You add a tool, rename an argument, or change inputSchema. The MCP server restarts cleanly, but the client still shows the old definition—or says the new tool does not exist.

That does not prove the server build is wrong. MCP clients discover tools through tools/list, and a client may keep the discovered definitions for the lifetime of a connection or conversation. Test the server response directly before repeatedly rebuilding or restarting components.

Recognize a stale schema instead of a broken connection

A schema-refresh problem usually has this shape:

  • the client can still call older tools from the same server
  • only a new tool or recently changed argument is missing
  • the server process starts without a transport error
  • restarting the server alone does not change the client-visible definition

If every tool disappeared, start with connection and configuration checks instead. See Claude Code MCP Server Not Loading?.

Ask the server for tools/list without the AI client

For a Streamable HTTP server, send a JSON-RPC request to its MCP endpoint. Replace the example URL with your local test endpoint:

curl -s -X POST http://127.0.0.1:8000/mcp \
  -H "Content-Type: application/json" \
  -H "Accept: application/json, text/event-stream" \
  -d '{"jsonrpc":"2.0","id":1,"method":"tools/list","params":{}}'

Some servers require the MCP initialization handshake and a session header before accepting tools/list. In that case, use MCP Inspector or a small SDK client rather than removing the server's session checks.

Inspect the returned tool entry, especially:

  • name
  • description
  • inputSchema.properties
  • inputSchema.required
  • outputSchema, when the tool declares one

The direct response is the server truth. If it is old, the problem is on the server side: wrong executable, stale build output, wrong endpoint, or registration code that never ran.

Call the changed tool directly

A correct list response proves registration, not runtime behavior. Call the tool with the new argument shape:

curl -s -X POST http://127.0.0.1:8000/mcp \
  -H "Content-Type: application/json" \
  -H "Accept: application/json, text/event-stream" \
  -d '{"jsonrpc":"2.0","id":2,"method":"tools/call","params":{"name":"read_status","arguments":{"detail":"summary"}}}'

Use a harmless read-only tool for this check when possible. A valid schema can still point to a handler that throws, reads the wrong field, or returns an invalid result.

Decide which layer is stale

Use the two direct requests as a decision table:

  1. tools/list is old: verify the running PID, executable path, build timestamp, endpoint, and registration code.
  2. tools/list is new but tools/call fails: fix the handler or its result validation.
  3. Both direct calls work but the AI client is old: reconnect or restart the client so it discovers tools again.
  4. The server advertises listChanged: verify that it emits notifications/tools/list_changed and that the client supports refreshing from it.

Do not assume every client reacts to change notifications in the same way. A reconnect remains the portable final check.

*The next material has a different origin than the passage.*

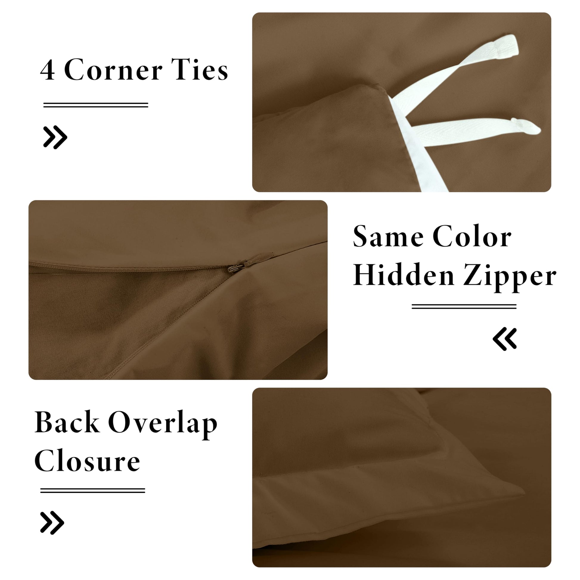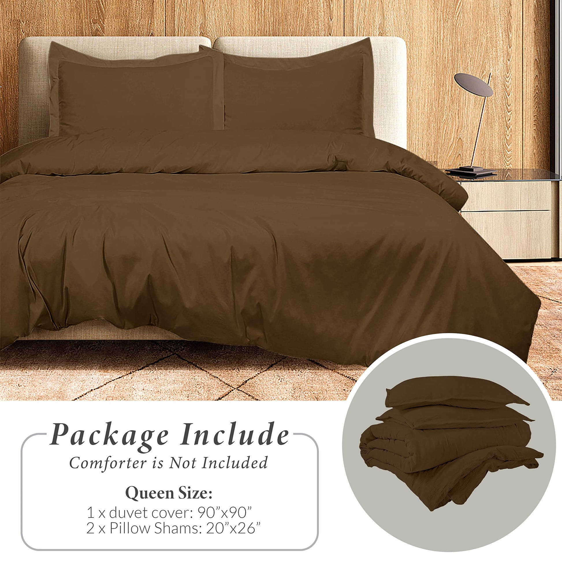 Royale Linens Chocolate Duvet Cover - Duvet Cover Set - 3 Piece Double Brushed Duvet Covers with Zipper Closure, 1 Duvet Cover and 2 Pillow Shams ( Chocolate)
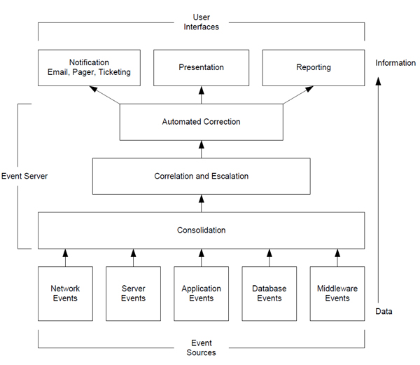 Event management is the process of managing the flow of raw data so that it becomes useful information. For many organizations, this data identifies faults, performance problems, and security alerts. The raw feeds of information may arrive from networking equipment, server hardware, operating systems, databases, middle ware, and applications. Once received, it goes through a series of stages that convert this data from its raw form into alerts, tickets, and reports that provide an organization the information they need to quickly solve the important problems to increase availability and create value.

Verify the complete refresh path

Record evidence from both sides:

Direct tools/list: new argument present
Direct tools/call: result returned
Client reconnect: new argument visible
Client tool call: result returned

This sequence prevents two common mistakes: changing working server code to fix a client cache, and restarting a client before proving that the server actually exposes the new schema.

References

Summary

When an MCP tool change is invisible, query tools/list first, then exercise the tool with tools/call. If the direct responses are correct, refresh the client. If they are not, investigate the running server artifact and handler instead of blaming the cache.